**Provided entries**:
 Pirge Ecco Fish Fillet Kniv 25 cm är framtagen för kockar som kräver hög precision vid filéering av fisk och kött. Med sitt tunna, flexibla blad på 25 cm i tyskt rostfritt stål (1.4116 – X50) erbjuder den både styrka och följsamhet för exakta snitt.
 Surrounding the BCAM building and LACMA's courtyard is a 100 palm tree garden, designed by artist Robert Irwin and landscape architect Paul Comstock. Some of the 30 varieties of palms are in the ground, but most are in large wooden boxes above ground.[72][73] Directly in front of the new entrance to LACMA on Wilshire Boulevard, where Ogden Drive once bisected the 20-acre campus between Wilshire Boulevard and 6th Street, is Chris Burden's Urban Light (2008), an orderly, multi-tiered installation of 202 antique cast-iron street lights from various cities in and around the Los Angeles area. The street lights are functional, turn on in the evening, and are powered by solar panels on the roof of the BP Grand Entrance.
==
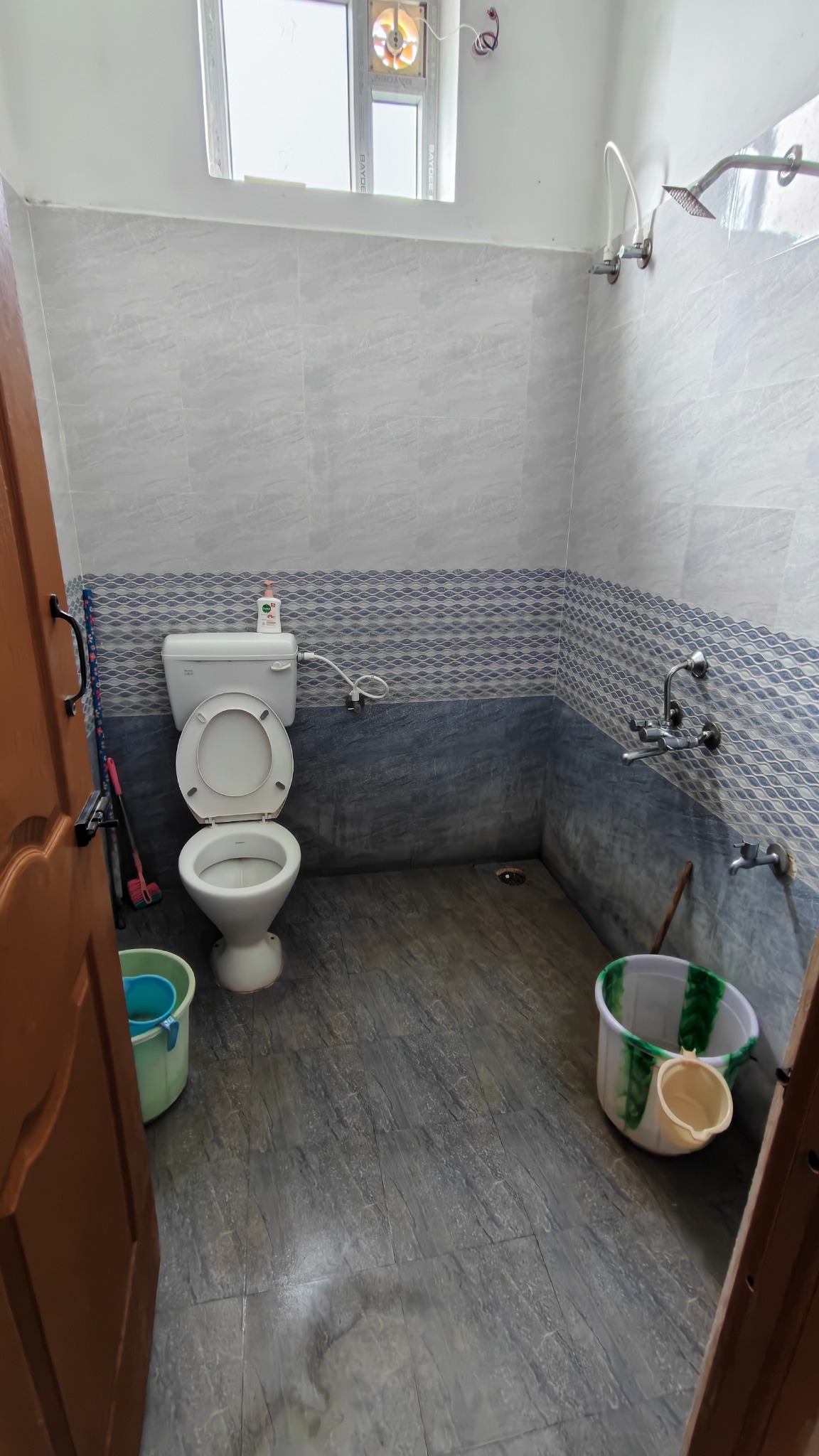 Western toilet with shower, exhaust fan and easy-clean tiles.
==
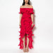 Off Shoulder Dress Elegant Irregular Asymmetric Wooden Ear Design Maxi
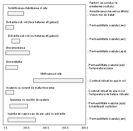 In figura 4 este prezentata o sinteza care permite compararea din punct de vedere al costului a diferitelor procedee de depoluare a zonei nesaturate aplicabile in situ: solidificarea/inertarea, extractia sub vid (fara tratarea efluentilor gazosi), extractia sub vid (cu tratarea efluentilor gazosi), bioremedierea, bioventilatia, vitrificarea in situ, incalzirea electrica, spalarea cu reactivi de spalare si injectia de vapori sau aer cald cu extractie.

**Problem description**:
Excerpt from the records above: set down only the lines from the one that contains "Off Shoulder Dress" through the one that contains "In figura 4", inclusive, word for word. Pictures stay out.

**Solution for this problem**:
 Off Shoulder Dress Elegant Irregular Asymmetric Wooden Ear Design Maxi
 In figura 4 este prezentata o sinteza care permite compararea din punct de vedere al costului a diferitelor procedee de depoluare a zonei nesaturate aplicabile in situ: solidificarea/inertarea, extractia sub vid (fara tratarea efluentilor gazosi), extractia sub vid (cu tratarea efluentilor gazosi), bioremedierea, bioventilatia, vitrificarea in situ, incalzirea electrica, spalarea cu reactivi de spalare si injectia de vapori sau aer cald cu extractie.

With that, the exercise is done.